Reconstitution of NOX2 activity in the broken cell system was examined using different combinations of membranes and cytosol isolated from neutrophils pre-treated or not with 100 µM H₂O₂ (Fig. 7F). The rate of superoxide generation in the broken cell assay performed with membranes plus cytosol isolated from H₂O₂-treated cells, was much higher than in assays performed with membranes plus cytosol isolated from untreated control cells (p<0.05). Moreover, the level of superoxide produced by H₂O₂-treated cytosol plus untreated membranes tended to be increased relative to untreated cytosol plus untreated membranes and similar to the amount produced by untreated cytosol plus H₂O₂-treated membranes, although neither of these combinations generated as much activity as when both cytosol and membranes were derived from H₂O₂-treated cells (Fig. 7F).

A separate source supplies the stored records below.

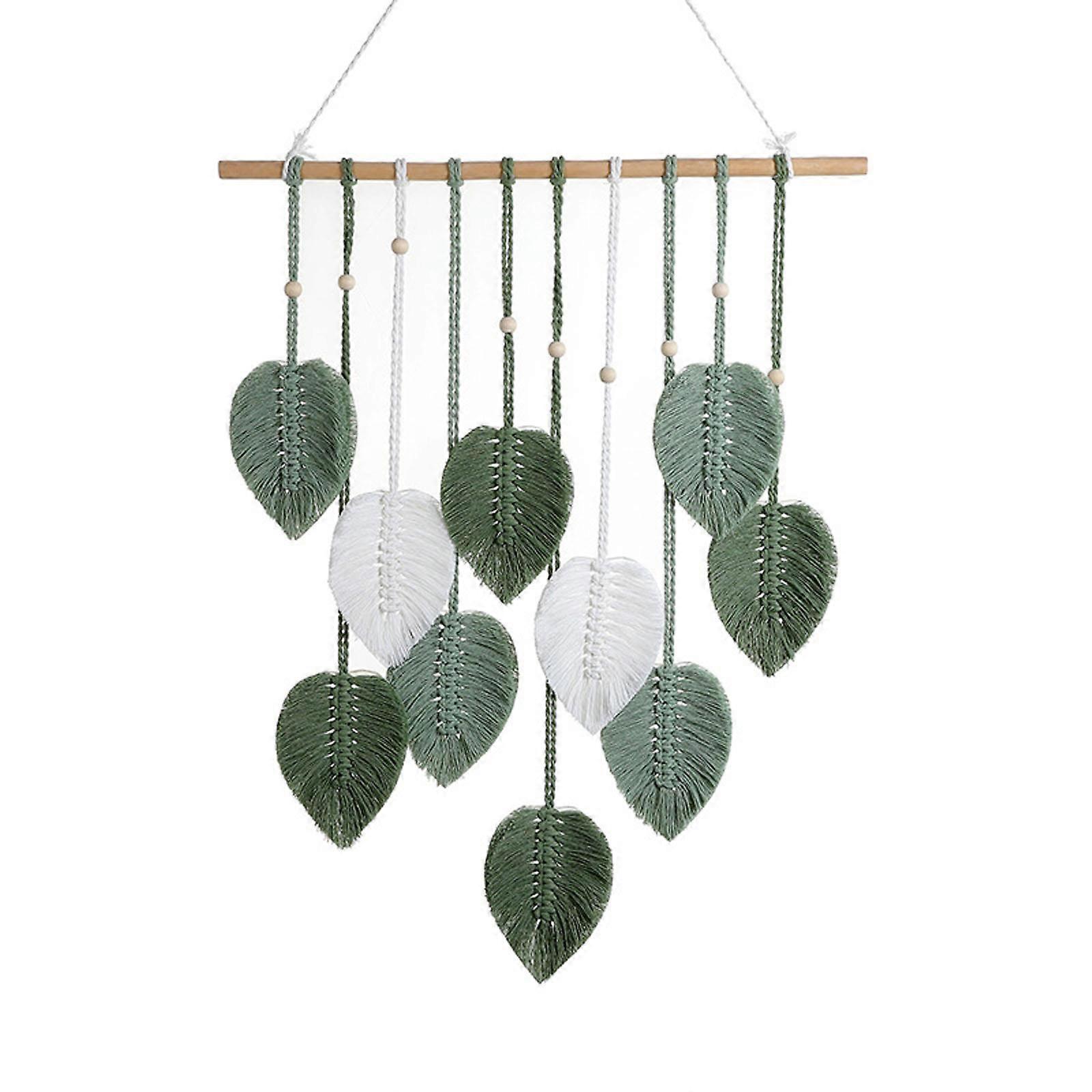 Leaf Macrames Wall Hanging Decor Vintage Handwoven Tapestry for Apartment Home Farmhouse Wood Bead Decorative Tapestries Multicolor
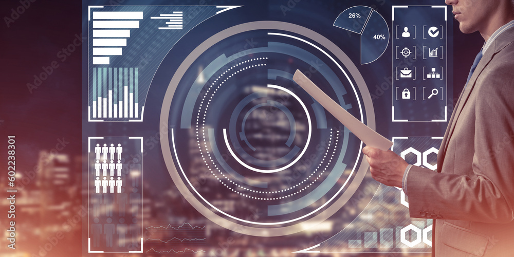 Digital background with infographs and man extending papers or contract
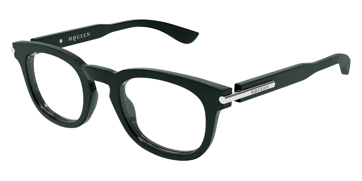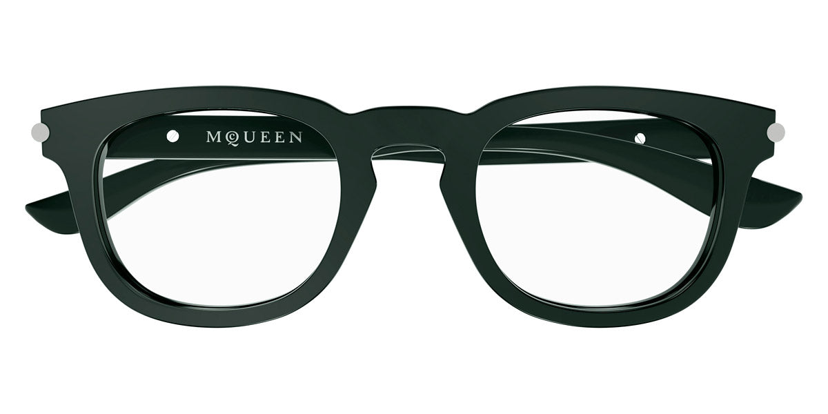 AM0498O Eyeglasses by Alexander McQueen. Color: Black, Green, Size: 48-23-145. The Alexander McQueen eyewear pieces are must haves for anyone who wants to stand out from the crowd, yet without being exorbitant and retaining a certain air of refinement. Each pair of sunglasses and optical frames is embellished with luxury details, such as skulls, studs and bugs that make the difference on every outfit, succeeding even to upgrade the simplest looks. Masterfully crafted in Italy from the highest grade materials, the McQueen’s glasses meet the needs of the most demandable clients. Lady Gaga, Michelle Obama and Cate Blanchett are among the brand’s most loyal fans. All Alexander McQueen Eyewear is 100% certified UV protective (UVA and UVB rays).
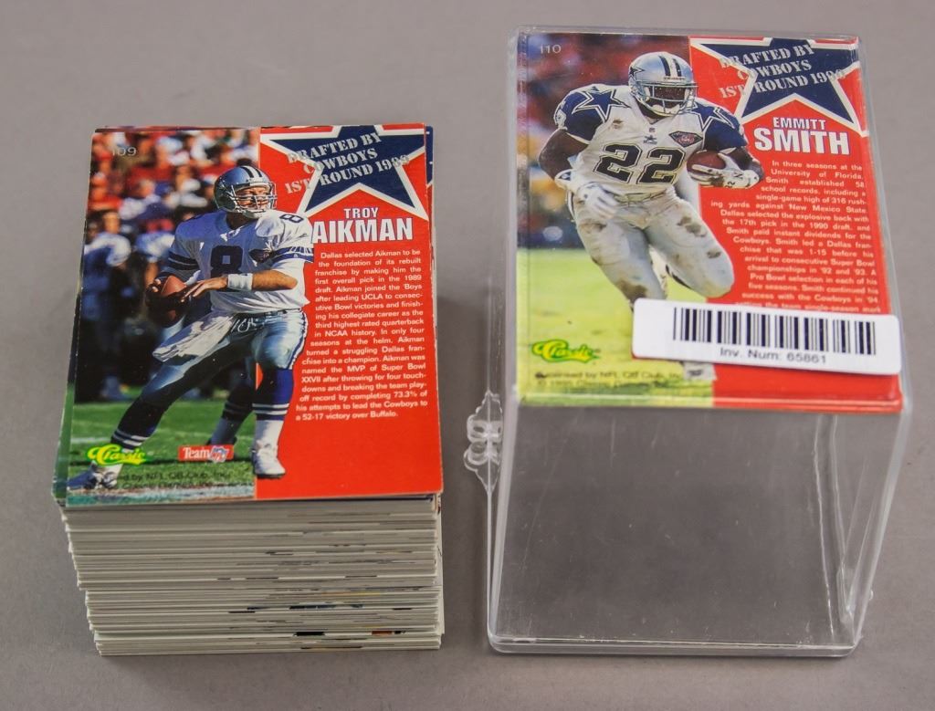 Bundle of NFL collectible sports cards. From 1995. With plastic box. 9 x 6 cm. 301 grams.

These observations may reflect both the presence of activated co-factors in H₂O₂-treated cytosol and translocated cytosolic factors in the plasma membranes isolated from H₂O₂-treated cells. The fact that superoxide generation was highest with the combination of treated membranes plus treated cytosol suggests that gp91^phox might itself be a final target of H₂O₂, particularly since the increased superoxide production was not attributable to an increase in NOX2 content of the membranes from H₂O₂-treated cells.

Lack of a priming effect of H₂O₂ on fMLF-stimulated superoxide production

Since H₂O₂ increases superoxide production induced by PMA, we investigated whether H₂O₂ could act as a priming factor for receptor-mediated superoxide production. We found that pre-incubation for 10 min with 10 nM to 100 µM H₂O₂ did not prime the cells for activation by 100 nM fMLF (Fig. 8A). On the contrary, a decrease in superoxide production was observed, suggesting that common signaling intermediates may be involved in H₂O₂ and fMLF-mediated superoxide production. Since signaling initiated by fMLF binding to its receptor proceeds through PTX-sensitive G proteins, which can be activated by H₂O₂ via cysteine oxidation [19], we investigated whether these G proteins might be involved in the effect of H₂O₂ on superoxide production. We observed a significant decrease in H₂O₂-induced superoxide production by PMNs pre-treated with PTX, an inhibitor of Gi/o proteins (Fig. 8B). A similar effect of PTX was observed in K562/NOX2 cells (data not shown). These observations point to at least one common proximal target of H₂O₂ and fMLF, namely a PTX-sensitive G protein.